Antibiotic resistance genes and human bacterial pathogens: Co-occurrence, removal, and enrichment in municipal sewage sludge digesters

Feng Ju, Bing Li, Liping Ma, Yubo Wang, Danping Huang, Tong Zhang

Environmental Biotechnology Lab, The University of Hong Kong, Hong Kong SAR, China.

Abstract

Understanding which/how antibiotic resistance genes (ARGs) contribute to increased acquisition of resistance by pathogens in aquatic environments are challenges of profound significance. We explored the co-occurrence and removal versus enrichment of ARGs and human bacterial pathogens (HBPs) in municipal sewage sludge digesters. We combined metagenomic detection of a wide spectrum of 323 ARGs and 83 HBPs with a correlation-based statistical approach and charted a network of their co-occurrence relationships. The results indicate that most ARGs and a minor proportion of HBPs (mainly Collinsella aerofaciens, Streptococcus salivarius and Gordonia bronchialis) could not be removed by anaerobic digestion, revealing a biological risk of post-digestion sludge in disseminating antibiotic resistance and pathogenicity. Moreover, preferential co-occurrence patterns were evident within one ARG type (e.g., multidrug, beta-lactam, and aminoglycoside) and between two different ARG types (i.e., aminoglycoside and beta-lactam), possibly implicating co-effects of antibiotic selection pressure and co-resistance on shaping antibiotic resistome in sewage sludge.

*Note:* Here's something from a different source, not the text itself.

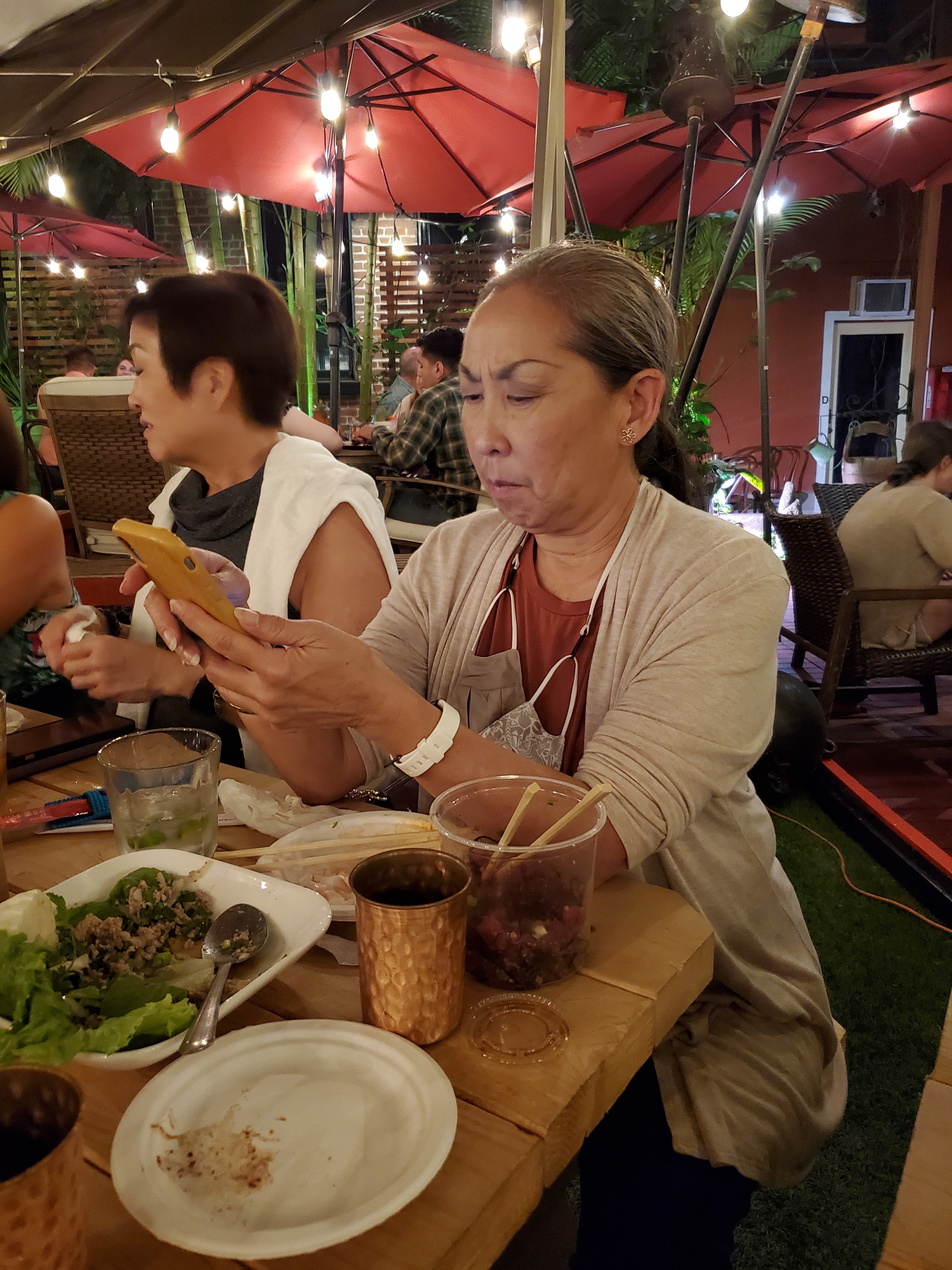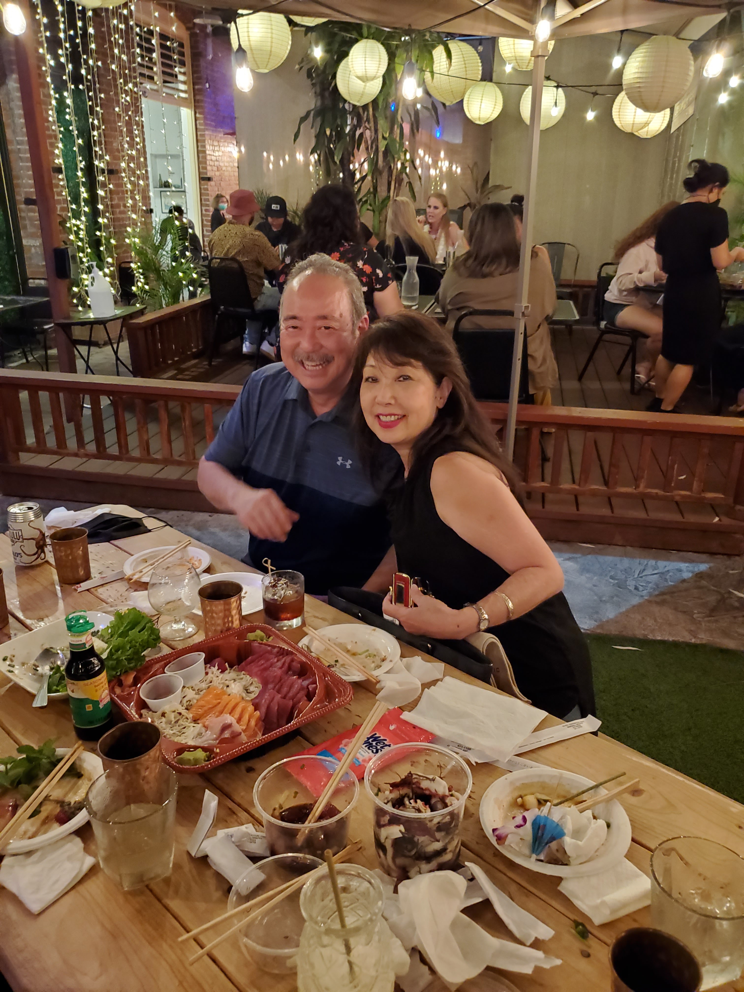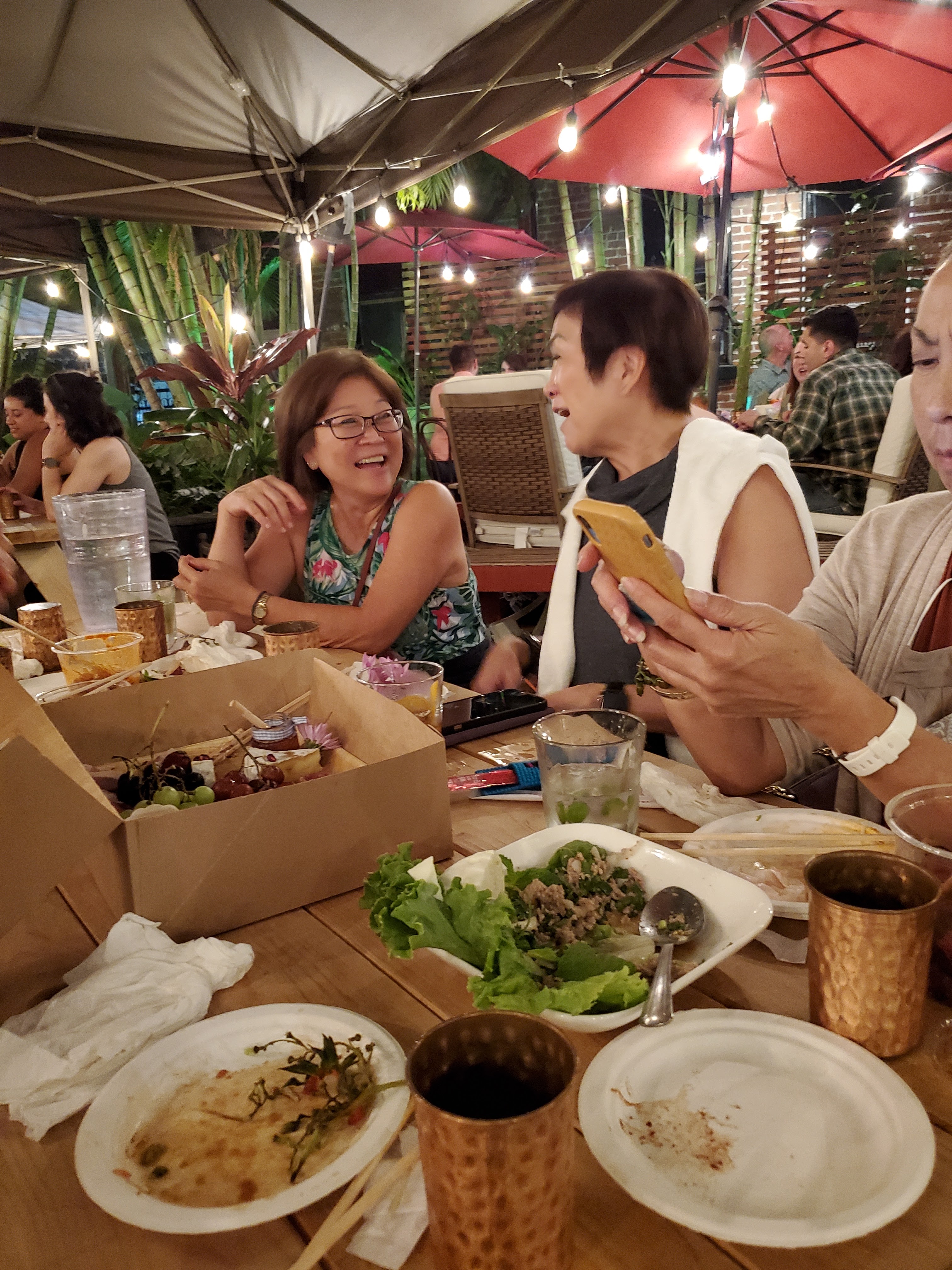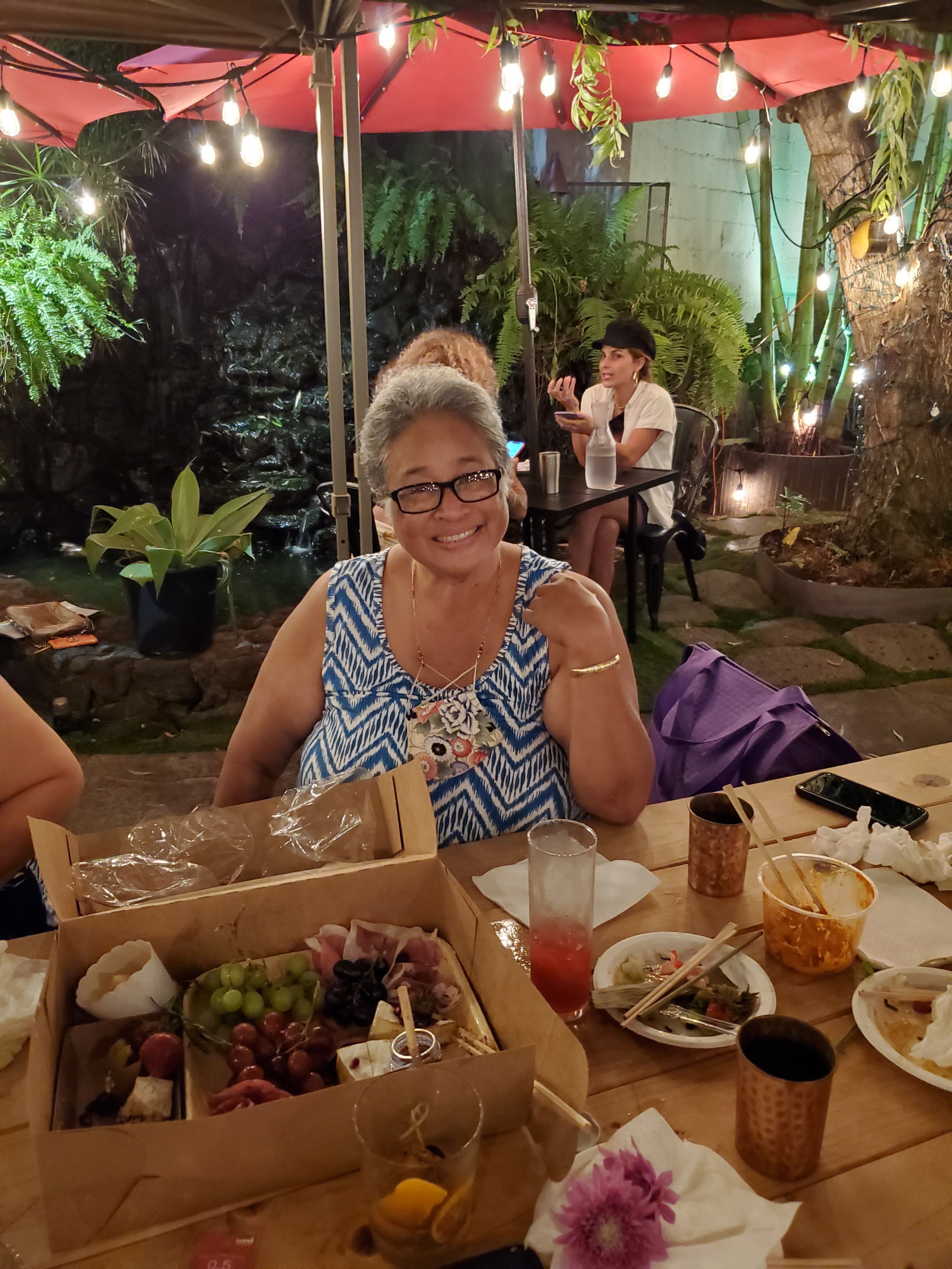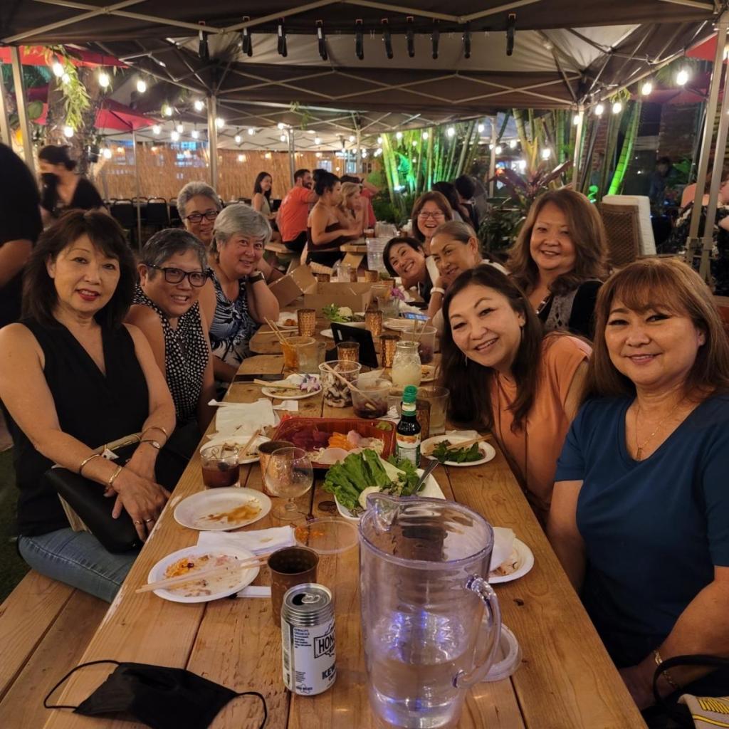 Once all of us got to Friday’s final destination, Skull & Crown, it was time for pupus (appetizers) and drinks. Here’s all of us eating, drinking, and talking way too much. Cathy asked to bring her husband Allen along as it’s been a long, challenging year without a vacation. He was a trooper and didn’t get annoyed with all our jabbering. Group shot photo credit: Allen Takayama

Unlike beta-lactam resistance genes, ARGs of multidrug and macrolide-lincosamide-streptogramin tended to co-occur more with HBPs. Strikingly, we presented evidence that the most straightforward biological origin of an ARG-species co-occurring event is a hosting relationship. Furthermore, a significant and robust HBP-species co-occurrence correlation provides a proper scenario for nominating HBP indicators (e.g.,Bifidobacterium spp. are perfect indicators of C. aerofaciens; r = 0.92–0.99 and P-values < 0.01). Combined, this study demonstrates a creative and effective network-based metagenomic approach for exploring ARG hosts and HBP indicators and assessing ARGs acquisition by HBPs in human-impacted environments where ARGs and HBPs may co-thrive.

Graphical abstract

Keywords: Antibiotic resistance genes; Human bacterial pathogens; Metagenomics; Network analysis; Sewage sludge; Anaerobic digesters.